* DATA SECTION:
-- Opening Marker --

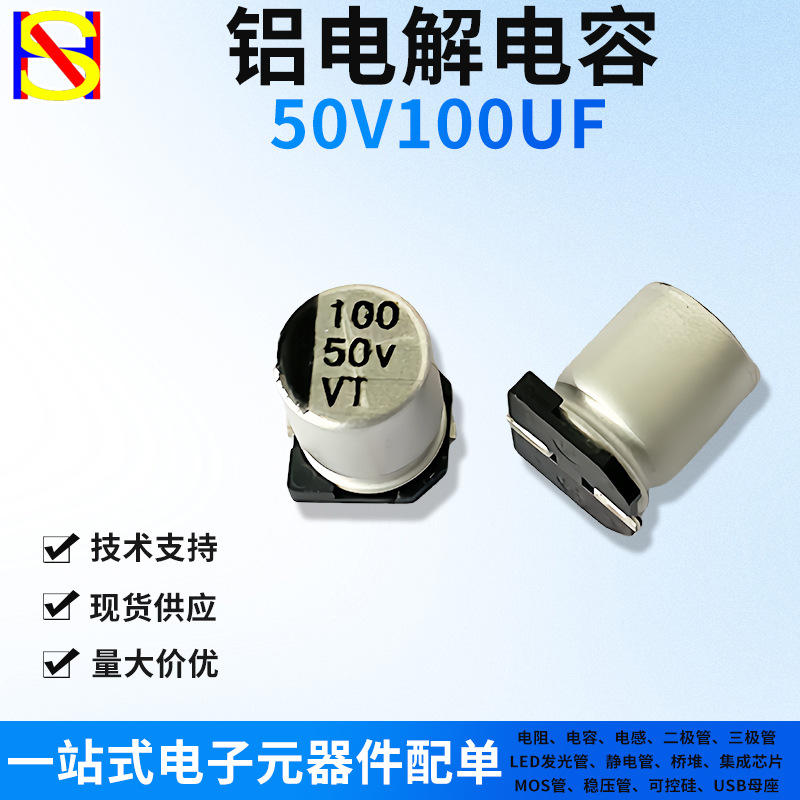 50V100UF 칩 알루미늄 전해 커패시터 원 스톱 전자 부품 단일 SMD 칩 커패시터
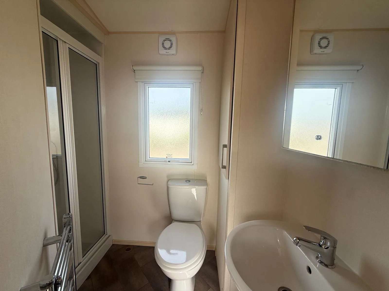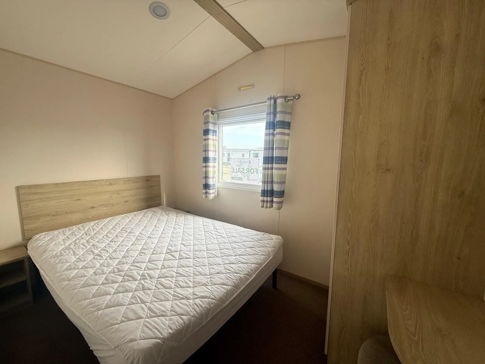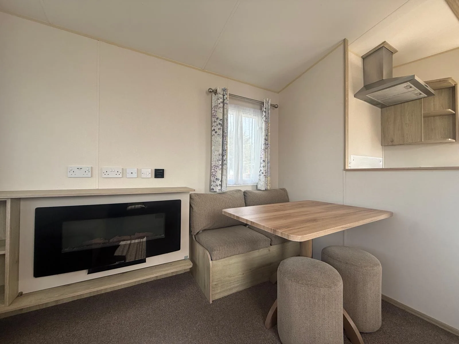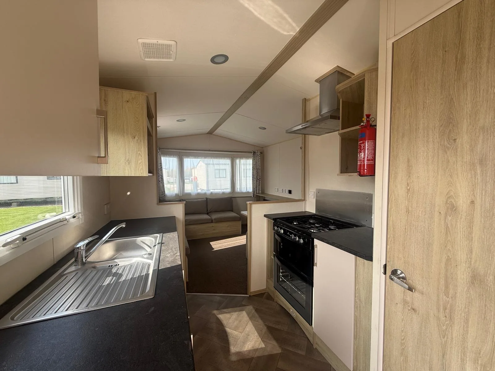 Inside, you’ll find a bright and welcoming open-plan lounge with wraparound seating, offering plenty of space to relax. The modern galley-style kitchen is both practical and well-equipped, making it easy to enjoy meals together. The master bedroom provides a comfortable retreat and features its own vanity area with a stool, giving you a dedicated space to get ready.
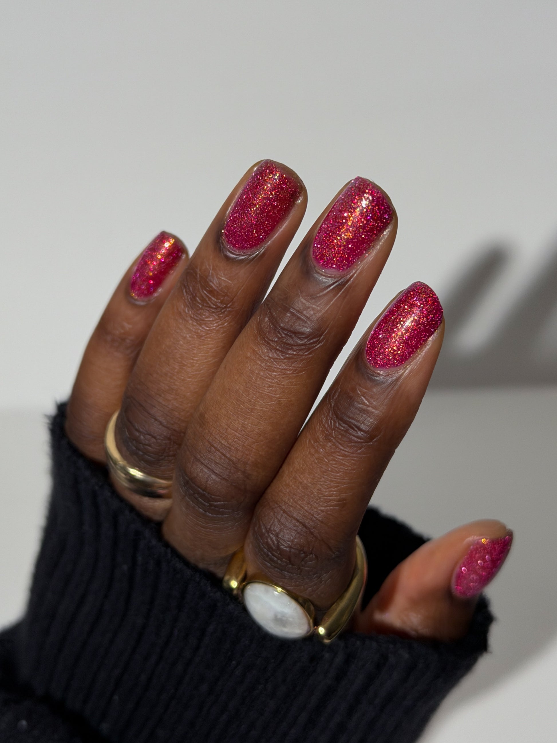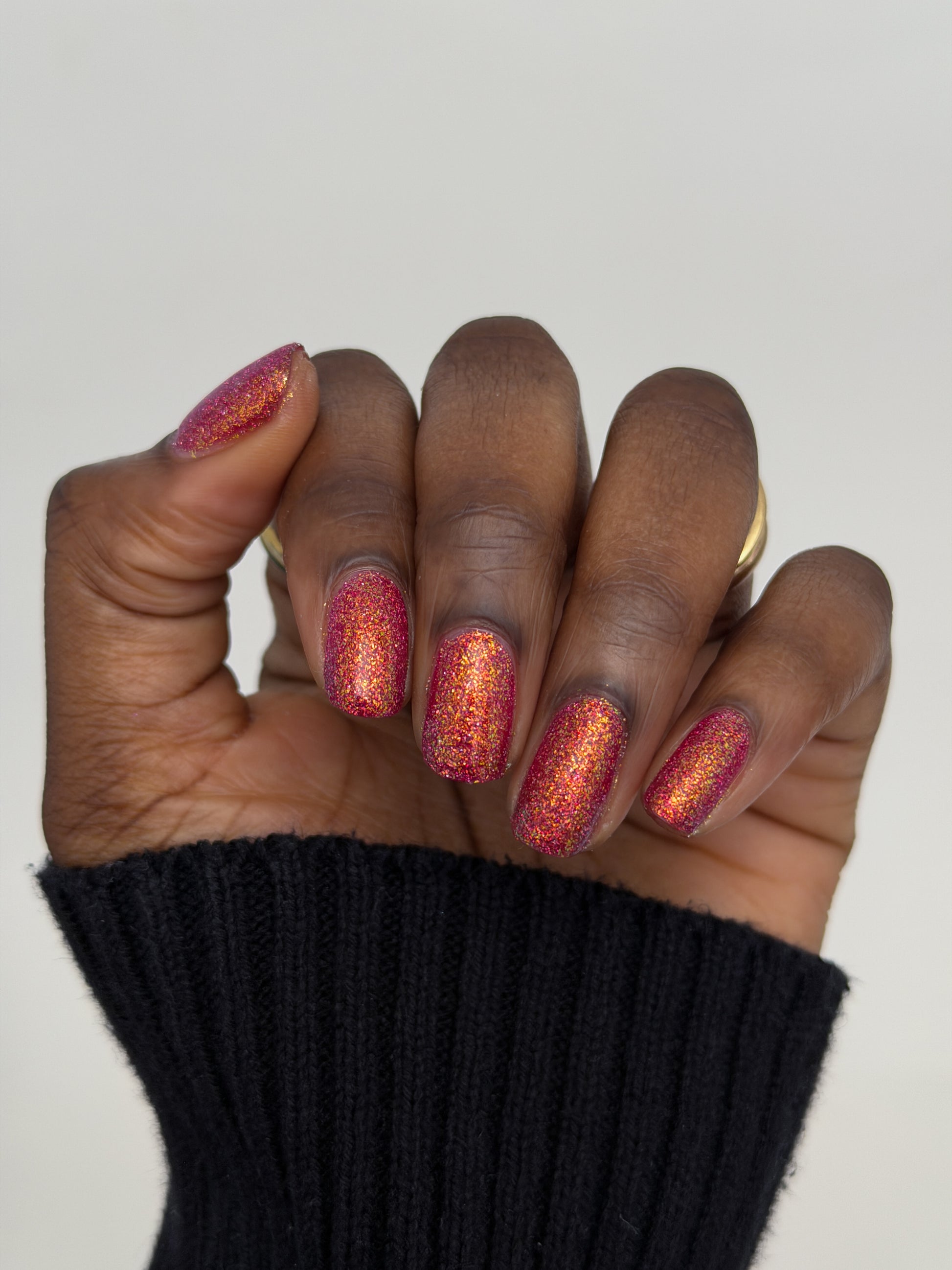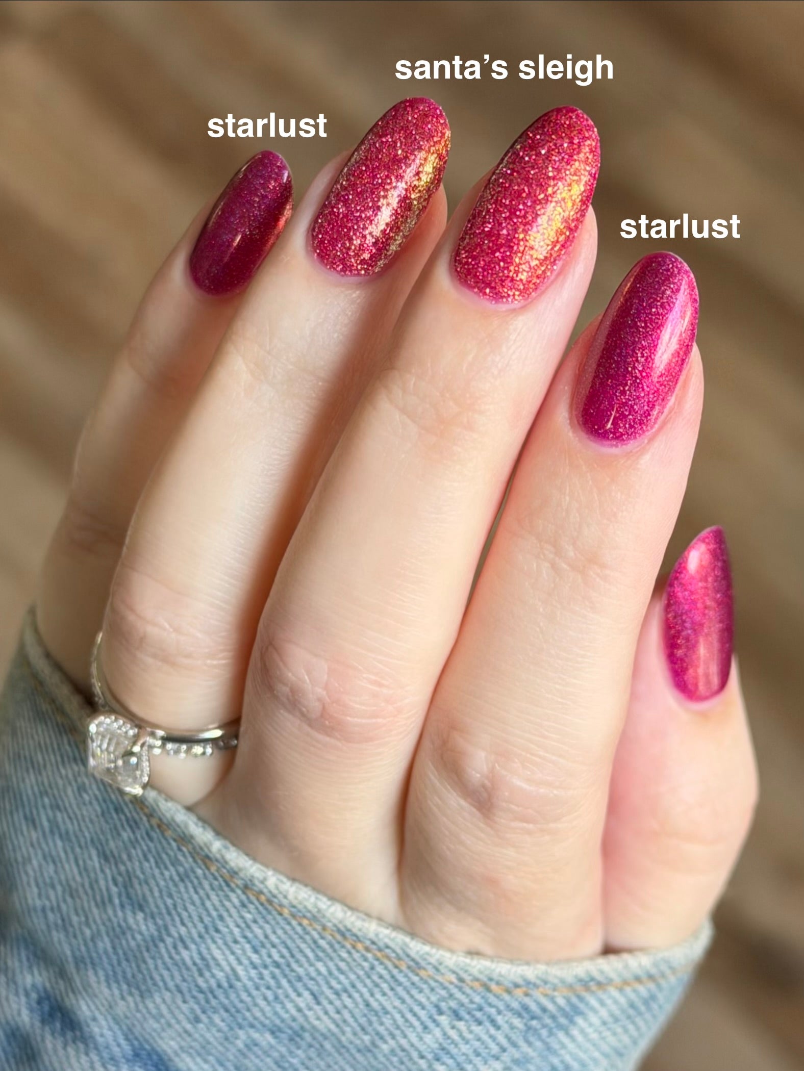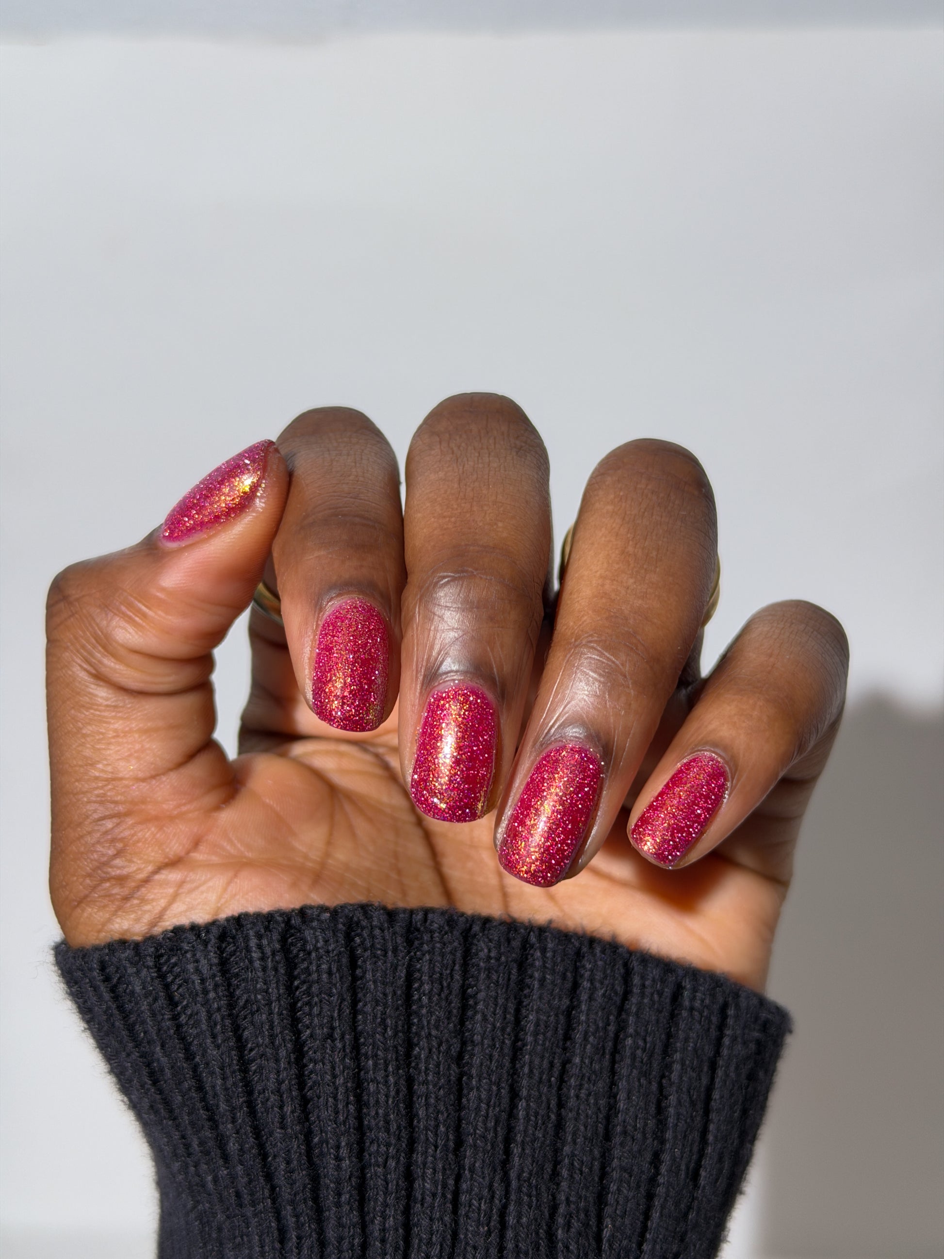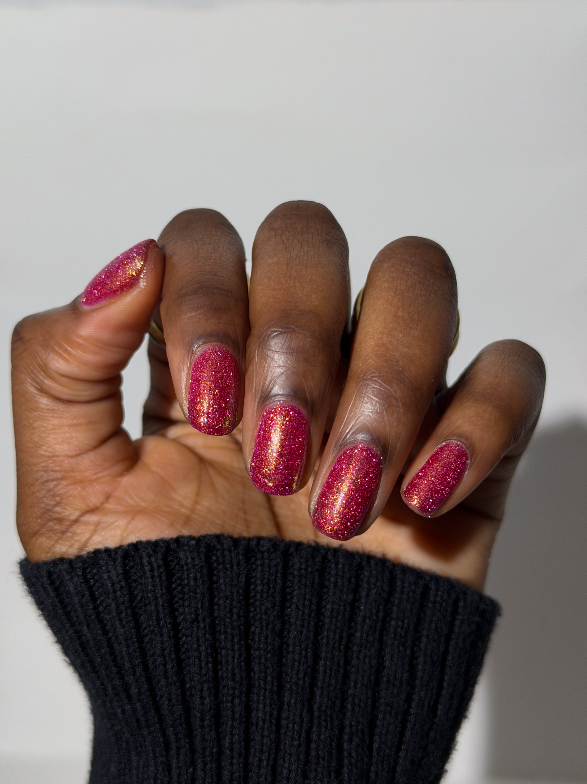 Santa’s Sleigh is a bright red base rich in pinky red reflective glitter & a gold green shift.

-- Closing Marker --

Copy all the data exactly as written, but skip any picture.

 50V100UF 칩 알루미늄 전해 커패시터 원 스톱 전자 부품 단일 SMD 칩 커패시터
 Inside, you’ll find a bright and welcoming open-plan lounge with wraparound seating, offering plenty of space to relax. The modern galley-style kitchen is both practical and well-equipped, making it easy to enjoy meals together. The master bedroom provides a comfortable retreat and features its own vanity area with a stool, giving you a dedicated space to get ready.
 Santa’s Sleigh is a bright red base rich in pinky red reflective glitter & a gold green shift.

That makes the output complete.